The CPLD on the bottom left controls everything. Here's a block diagram of the system including several functional units inside the CPLD as well as external components like the ROM, RAM, 68k CPU, and the latches for the posted write buffer.
Of course, my description above sort of just scratches the surface. There are four main blocks in the CPLD shown in the diagram above. These are the FSB controller, DRAM/ROM controller, I/O bus target (i.e. slave port), and I/O bus agent (i.e. master controller). I have tried my best to specify the behavior of these blocks in my timing diagrams available here: https://garrettsworkshop.github.io/WarpSE/Documentation/index.html
These are complicated but I'm hoping some of our skilled members can take a look. The diagrams are a bit of a work in progress but I believe they all basically make sense.

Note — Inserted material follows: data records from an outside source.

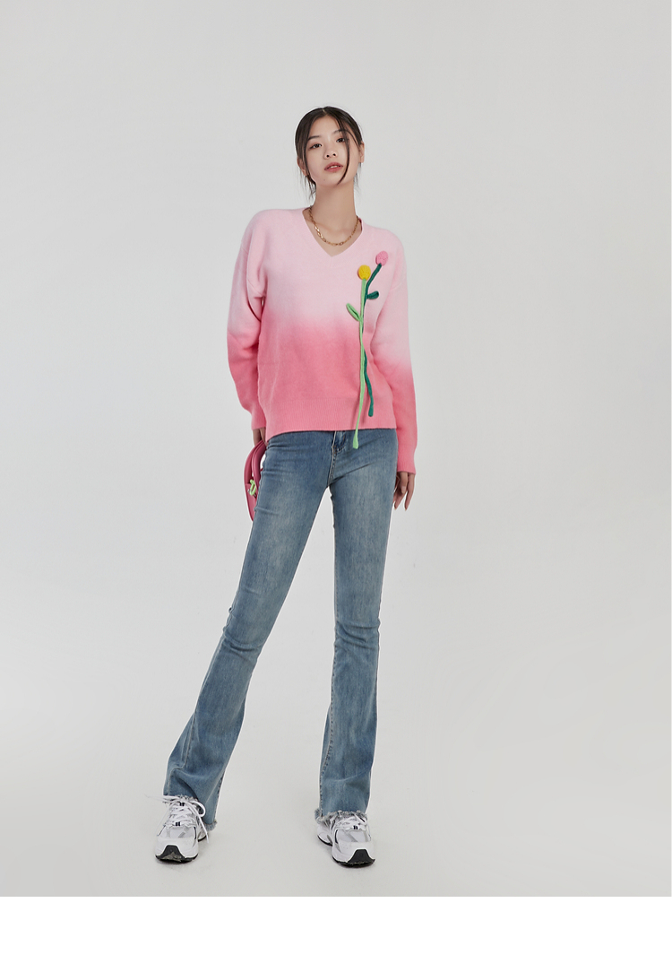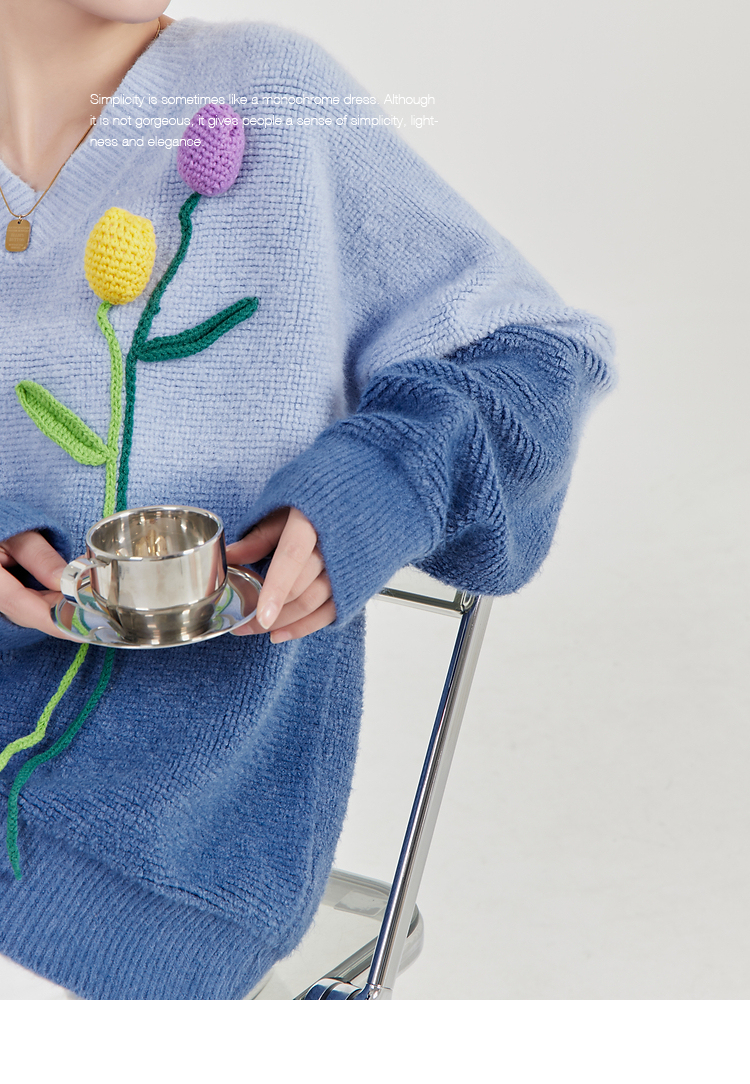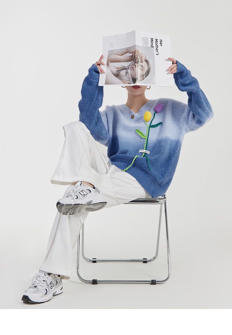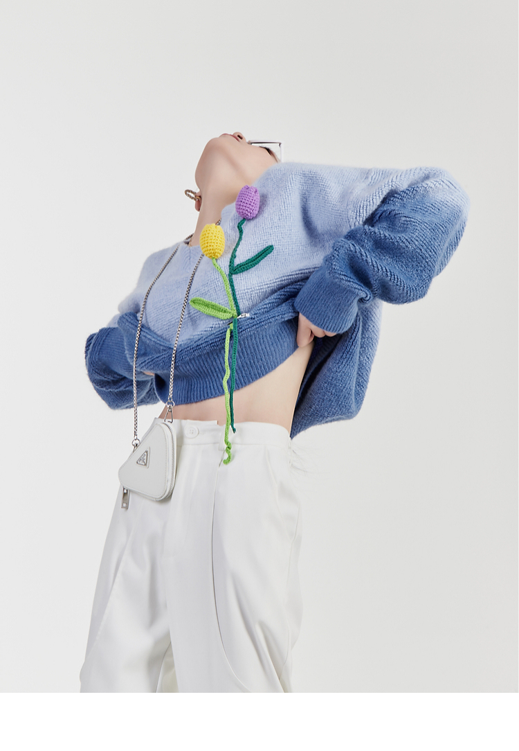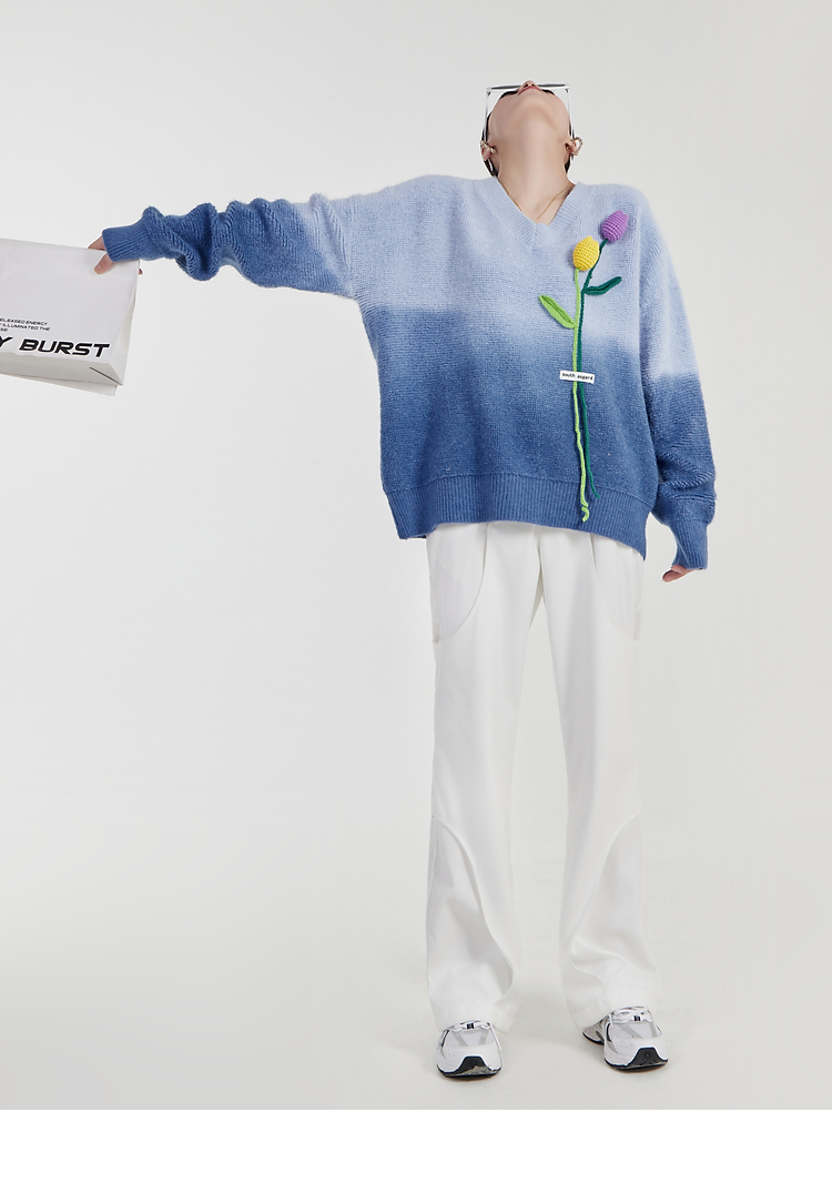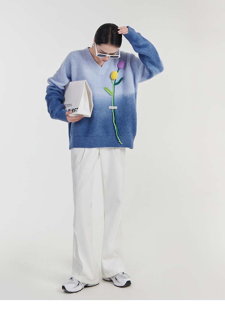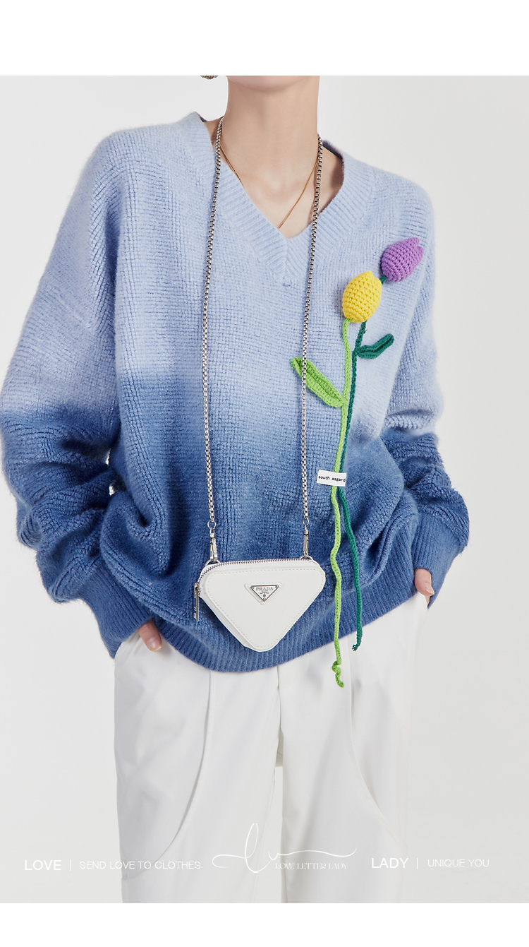 【現貨】高級感超好看毛衣法式鬱金香花朵漸層色寬鬆慵懶針織衫女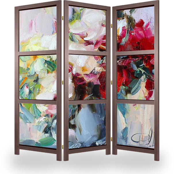 Описание ширмы Работа создавалась в 2012 году во время проведения Всероссийского плэнэра на реке Волга. Букет состоит из полевых цветов и написан в один прием в светлых пастельных тонах. Стат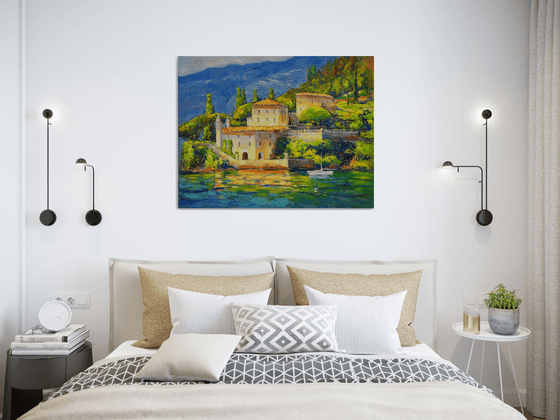 This vibrant painting transports us to a picturesque corner of Italy — Varenna, located on the shores of Lake Como. The sun's rays illuminate the green hills and reflect in the calm water, creating a play of light and shadow that gives the scene a special atmosphere of warmth and coziness. Inspired by Impressionism, the painting captures moments of nature filled with bright, vivid colors, evoking a sense of lively, pulsating energy.

Here's an annotated render of the board showing where the external components are placed:
One interesting feature that I have added partway through development is the USB update system. I am using the inexpensive CH340G USB-to-serial chip to bit-bang the CPLD's JTAG port in order to do a software update. The data rate is pretty slow, maximum 1 kbit/sec, so it will take several minutes to update the CPLD. Nevertheless it's totally worth it since the additional cost for the update system is quite low. Here's the schematic for the update part of the system:
Source: https://github.com/garrettsworkshop/Warp-SE
I am of course looking for feedback, but my main aim in posting this documentation is to get some information out there on how to design an accelerator. Boards and PAL/GAL images are good to reverse engineer for study and reproduction, but with that approach you don't get get to hear from the designer about the tradeoffs and reasoning. I think my design methodology works well and I will teach it to anyone who's interested and has the required prerequisite knowledge. I like designing by myself and with Garrett but we are feeling lonely! It would be good to get some collaborative projects going where the understanding of how they work is distributed among the community rather than just with a few people. So this big dump of documentation is my attempt to start down that path.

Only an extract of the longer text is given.